Pitfalls of Comparing Model Results

Discussion On Comparing Model Results

Most of the development time was spent comparing AIBMod model results to models published by winning teams on Kaggle.

AIBMod quickly learned that the only way to meaningfully compare two different models was to ensure that the training and validation / test splits were identical in both models. Different shuffling of training data meant comparing K-Fold cross validation almost meaningless on a fold basis. Even when comparing statistics across all the folds there can be discrepancies for differently shuffled training data sets.

Below is a list of other issues that have been encountered whilst comparing models published on Kaggle:

When taking dummies of categorical features the training, validation and test datasets would be merged. This creates the potential for information leakage between these different datasets;
When creating manually created features such as count features or averages would again be created by joining together the training, validation and test datasets which again creates an opportunity for information leakage;
Some teams have used a technique called semi-supervised learning whereby predictions are first made on the test set. The test set with predictions is then aggregated with the training data and everything is trained together before the final predictions are created. This technique can reduce variance thus creating more stable models.

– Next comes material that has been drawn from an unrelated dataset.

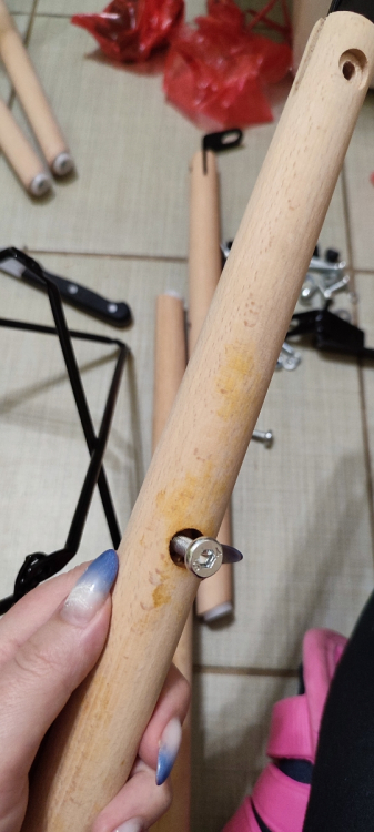Отличный стул, легко собрала по инструкции, правда нужна сила, чтобы хорошо затянуть болты. Прекрасно подходит и на кухню, и на дачу, и для рабочего стола. Сколов, царапин нет, отверстия все на своих местах. Лишних деталей тоже нет)) Когда соединяешь сидение и ножки, то нужно выкрутить пластиковые заглужки, что тоже удобно предусмотрено.; Достоинства: Современный, удобный; Недостатки: Лучше использовать нормальный ключ, чтобы затянуть болты. Тот, что в комплекте, гнется от усилий.

The three cases above highlight the problem with Kaggle competitions – namely because the test data (albeit without prediction values) is available it is possible to incorporate aspects of the test data within the training process. In real life this would not be possible – the point of a model is to make predictions on data that has never been seen before.

The techniques and approaches used within Kaggle competitions may be useful when trying to win such competitions, but they may not be the most useful in real life situations or scenarios.

When developing its model framework, AIBMod took great care to ensure that there was no information leakage whatsoever between the training data and validation / test data sets. Any transformations were derived only by looking at the training data and these were then applied to the validation / test data.

Hence, when benchmarking Kaggle models to the AIBMod model, first of all, any shuffling of the training data was synchronised between the two (i.e shuffling seeds were matched along with the shuffling functions themselves) and any information leakage in the Kaggle model was removed. To the extent the Kaggle model used feature engineering, this would still be applied to the Kaggle model (not to the AIBMod model) but only in a way in which there was no information leakage between the training and validation data.

Therefore, models have been compared on a like-for-like basis and with no information leakage from the validation data.